*DATA SHOWN*:
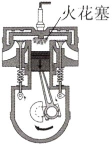 解析 由图可知,内燃机的顶端是火花塞,所以该内燃机是汽油机。图中内燃机的两气门都关闭,火花塞点火,活塞向下运动,是做功冲程。热机在工作过程中,排放废气、克服摩擦做功等会带走大量的热量,所以若内燃机一个工作循环对外做功30J,则燃料完全燃烧所放出的热量一定大于30J。
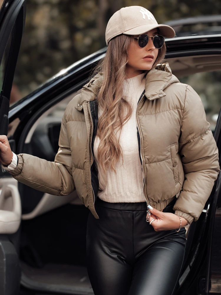 ZENZI prošívaná dámská zimní bunda s kapucí béžová FashionStreet TY4722
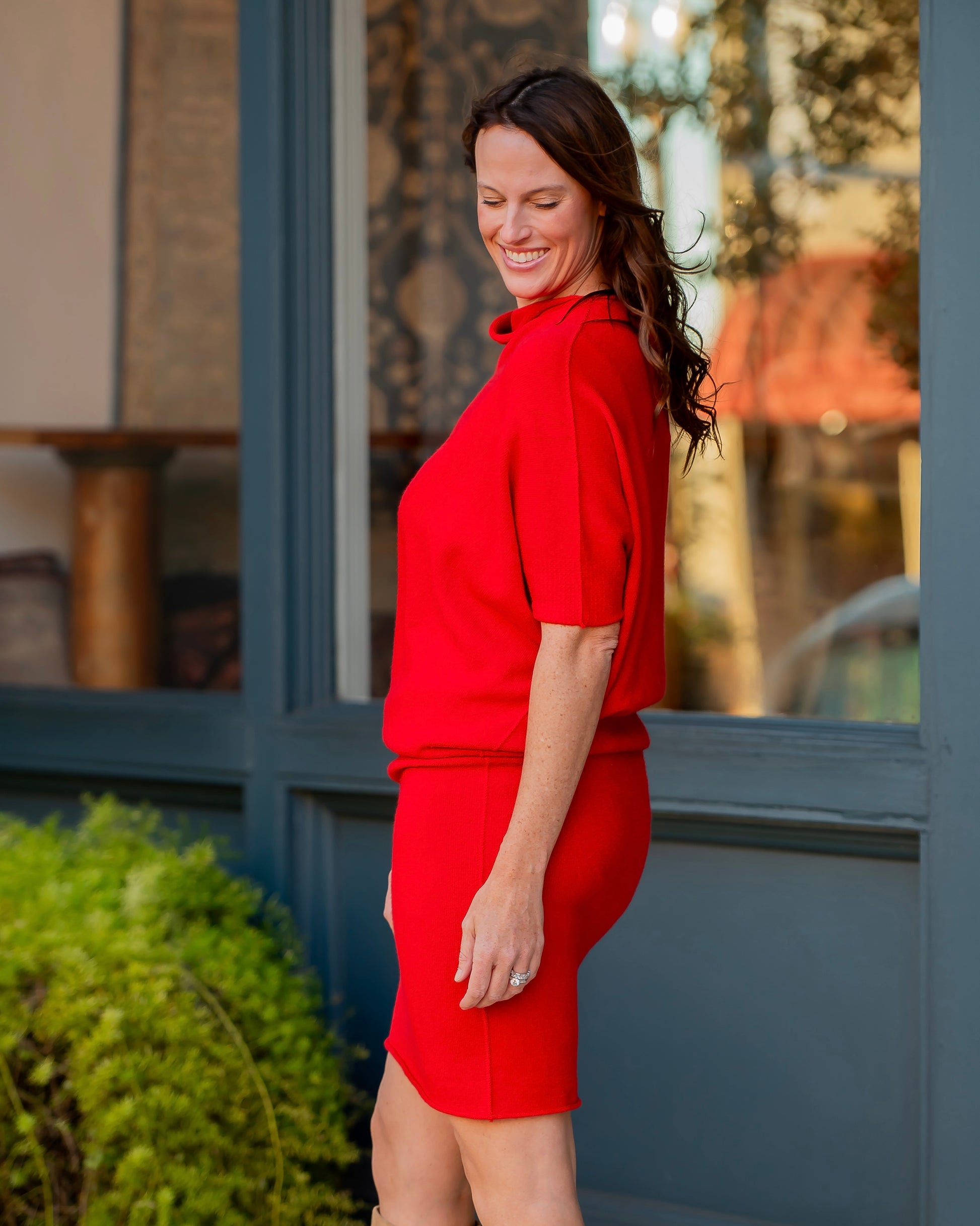 The Jessica Asymmetrical Sweater Dress is your new go-to for effortless style. This rich red stunner features an eye-catching asymmetrical cut that adds modern edge to any outfit. La, Wear it dressy with heels or pair it with sneakers and a leather jacket for weekend cool. Cozy enough for casual days, chic enough for nights out—one dress, endless possibilities.
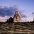 El monumento presenta una estructura central de piedra que se asemeja a una bala vista desde lejos, con relieves socialistas realistas de escenas de batalla.
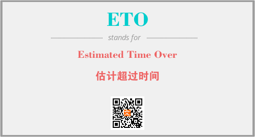 上述内容是“Estimated Time Over”作为“ETO”的缩写,解释为“估计超过时间”时的信息,以及英文缩略词ETO所代表的英文单词,其对应的中文拼音、详细解释以及在英文中的流行度和相关分类、应用领域及应用示例等。
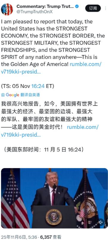 特朗普今天(北京时间11月6日)表示:“我很高兴地报告,如今,美国拥有世界上最强大的经济、最坚固的边境、最强大的军队、最牢固的友谊和最强大的精神 -这是美国的黄金时代!” 特朗普大言不惭宣称美国迎来“黄金时代”,拥有最强大种种。可现实呢?美国政府关门创下历史纪录,国内矛盾重重,民生问题堆积如山。 所谓“黄金时代”不过是其自吹自擂的幻影,在政府停摆的闹剧下,这番空洞言论显得无比荒诞可笑。 先说说特朗普口中“最强大的经济”,2025年8月的数据狠狠打了脸。美国劳工统计局公布的消费者价格指数环比上涨0.4%,年通胀率攀升至2.9%,这是今年1月以来的最高水平。 老百姓去超市采购,感受最直接。食品价格单月飙升0.6%,创下近三年最大涨幅。油价在7月短暂下跌后强势反弹,环比上涨1.9%。 日常开销越来越大,工资却跟不上节奏。8月名义工资虽有小幅上涨,但实际工资剔除通胀后只涨了0.7%,这是一年多来的最低水平。 经济学家都直言,老百姓根本感受不到工资增长,只知道东西越来越贵。就业市场更暗藏隐忧。 截至9月6日的一周,首次申请失业救济人数增加2.7万人,达到26.3万人,创下2021年10月以来的最高值。裁员增加、新增就业放缓,这些信号都在预示经济增长的压力。 经济之外,特朗普吹的“最坚固的边境”也站不住脚。2月曾有数据说南部边境非法移民越境数量同比下降94%,但现实执法压力丝毫没减。 就在11月5日,ICE休斯敦办事处刚结束一场为期10天的突击行动,累计逮捕人数超过1500人。 这个数字看似不多,但日均逮捕人数已经高于华盛顿特区、芝加哥等城市的同类行动。边境巡逻队队员每天都在高强度工作,所谓“坚固”更像自欺欺人。 盟友关系更谈不上“最牢固”,美欧这对老伙伴现在裂痕越来越深。特朗普指责欧洲贸易上“占美国便宜”,直接对欧盟钢铝产品加征关税。 欧盟立刻反制,对价值260亿欧元的美国商品加税。特朗普还不依不饶,威胁要对欧盟酒类产品征收200%的关税。 安全领域的矛盾更突出,美国要求欧洲国家将军费开支提升至GDP的5%,德国直接拒绝了。德国国防部长算过账,这个比例相当于联邦预算的40%,约2000亿欧元,根本无力承担。 价值观上的分歧也摆上台面。美国副总统万斯在慕尼黑安全会议上公开批评欧洲的移民政策和堕胎立场,马斯克还在自己的平台上力挺德国极右翼政党。欧洲多国都对美国产生了强烈的不信任感。 所谓“最强大的军队”也藏着隐忧,美国国防开支占GDP的比重从冷战时期的6%以上降到了如今的约3%。国债负担不断增加,让军队在装备更新、技术研发和全球驻军维持之间难以平衡。 更关键的是盟友不愿再配合。欧洲国家虽然提升了防务支出,但远没达到美国的要求,双方在军事合作上的分歧越来越大。 至于“最强大的精神”,普通民众根本没体会到。大家每天被生活压力裹挟。有人担心工作保不住,毕竟裁员潮正在蔓延。 有人发愁下个月的房租,住房开支一直是推高通胀的主力。还有人算计着加油钱,油价反弹让通勤成本又涨了一截。经济学家已经预判,接下来几个月通胀可能会继续加剧。 特朗普嘴里的“黄金时代”,更像一场自导自演的骗局。经济面临通胀和就业的双重打击。边境执法压力持续存在。盟友关系降到冰点。军队发展受限于财政压力。老百姓的生活只觉得越来越难。这些现实摆在眼前,再响亮的口号也掩饰不住内里的空虚。

*ASSIGNED TASK*:
Retype the full listing above precisely. Exclude each picture you find in it.

*RESULT*:
 解析 由图可知,内燃机的顶端是火花塞,所以该内燃机是汽油机。图中内燃机的两气门都关闭,火花塞点火,活塞向下运动,是做功冲程。热机在工作过程中,排放废气、克服摩擦做功等会带走大量的热量,所以若内燃机一个工作循环对外做功30J,则燃料完全燃烧所放出的热量一定大于30J。
 ZENZI prošívaná dámská zimní bunda s kapucí béžová FashionStreet TY4722
 The Jessica Asymmetrical Sweater Dress is your new go-to for effortless style. This rich red stunner features an eye-catching asymmetrical cut that adds modern edge to any outfit. La, Wear it dressy with heels or pair it with sneakers and a leather jacket for weekend cool. Cozy enough for casual days, chic enough for nights out—one dress, endless possibilities.
 El monumento presenta una estructura central de piedra que se asemeja a una bala vista desde lejos, con relieves socialistas realistas de escenas de batalla.
 上述内容是“Estimated Time Over”作为“ETO”的缩写,解释为“估计超过时间”时的信息,以及英文缩略词ETO所代表的英文单词,其对应的中文拼音、详细解释以及在英文中的流行度和相关分类、应用领域及应用示例等。
 特朗普今天(北京时间11月6日)表示:“我很高兴地报告,如今,美国拥有世界上最强大的经济、最坚固的边境、最强大的军队、最牢固的友谊和最强大的精神 -这是美国的黄金时代!” 特朗普大言不惭宣称美国迎来“黄金时代”,拥有最强大种种。可现实呢?美国政府关门创下历史纪录,国内矛盾重重,民生问题堆积如山。 所谓“黄金时代”不过是其自吹自擂的幻影,在政府停摆的闹剧下,这番空洞言论显得无比荒诞可笑。 先说说特朗普口中“最强大的经济”,2025年8月的数据狠狠打了脸。美国劳工统计局公布的消费者价格指数环比上涨0.4%,年通胀率攀升至2.9%,这是今年1月以来的最高水平。 老百姓去超市采购,感受最直接。食品价格单月飙升0.6%,创下近三年最大涨幅。油价在7月短暂下跌后强势反弹,环比上涨1.9%。 日常开销越来越大,工资却跟不上节奏。8月名义工资虽有小幅上涨,但实际工资剔除通胀后只涨了0.7%,这是一年多来的最低水平。 经济学家都直言,老百姓根本感受不到工资增长,只知道东西越来越贵。就业市场更暗藏隐忧。 截至9月6日的一周,首次申请失业救济人数增加2.7万人,达到26.3万人,创下2021年10月以来的最高值。裁员增加、新增就业放缓,这些信号都在预示经济增长的压力。 经济之外,特朗普吹的“最坚固的边境”也站不住脚。2月曾有数据说南部边境非法移民越境数量同比下降94%,但现实执法压力丝毫没减。 就在11月5日,ICE休斯敦办事处刚结束一场为期10天的突击行动,累计逮捕人数超过1500人。 这个数字看似不多,但日均逮捕人数已经高于华盛顿特区、芝加哥等城市的同类行动。边境巡逻队队员每天都在高强度工作,所谓“坚固”更像自欺欺人。 盟友关系更谈不上“最牢固”,美欧这对老伙伴现在裂痕越来越深。特朗普指责欧洲贸易上“占美国便宜”,直接对欧盟钢铝产品加征关税。 欧盟立刻反制,对价值260亿欧元的美国商品加税。特朗普还不依不饶,威胁要对欧盟酒类产品征收200%的关税。 安全领域的矛盾更突出,美国要求欧洲国家将军费开支提升至GDP的5%,德国直接拒绝了。德国国防部长算过账,这个比例相当于联邦预算的40%,约2000亿欧元,根本无力承担。 价值观上的分歧也摆上台面。美国副总统万斯在慕尼黑安全会议上公开批评欧洲的移民政策和堕胎立场,马斯克还在自己的平台上力挺德国极右翼政党。欧洲多国都对美国产生了强烈的不信任感。 所谓“最强大的军队”也藏着隐忧,美国国防开支占GDP的比重从冷战时期的6%以上降到了如今的约3%。国债负担不断增加,让军队在装备更新、技术研发和全球驻军维持之间难以平衡。 更关键的是盟友不愿再配合。欧洲国家虽然提升了防务支出,但远没达到美国的要求,双方在军事合作上的分歧越来越大。 至于“最强大的精神”,普通民众根本没体会到。大家每天被生活压力裹挟。有人担心工作保不住,毕竟裁员潮正在蔓延。 有人发愁下个月的房租,住房开支一直是推高通胀的主力。还有人算计着加油钱,油价反弹让通勤成本又涨了一截。经济学家已经预判,接下来几个月通胀可能会继续加剧。 特朗普嘴里的“黄金时代”,更像一场自导自演的骗局。经济面临通胀和就业的双重打击。边境执法压力持续存在。盟友关系降到冰点。军队发展受限于财政压力。老百姓的生活只觉得越来越难。这些现实摆在眼前,再响亮的口号也掩饰不住内里的空虚。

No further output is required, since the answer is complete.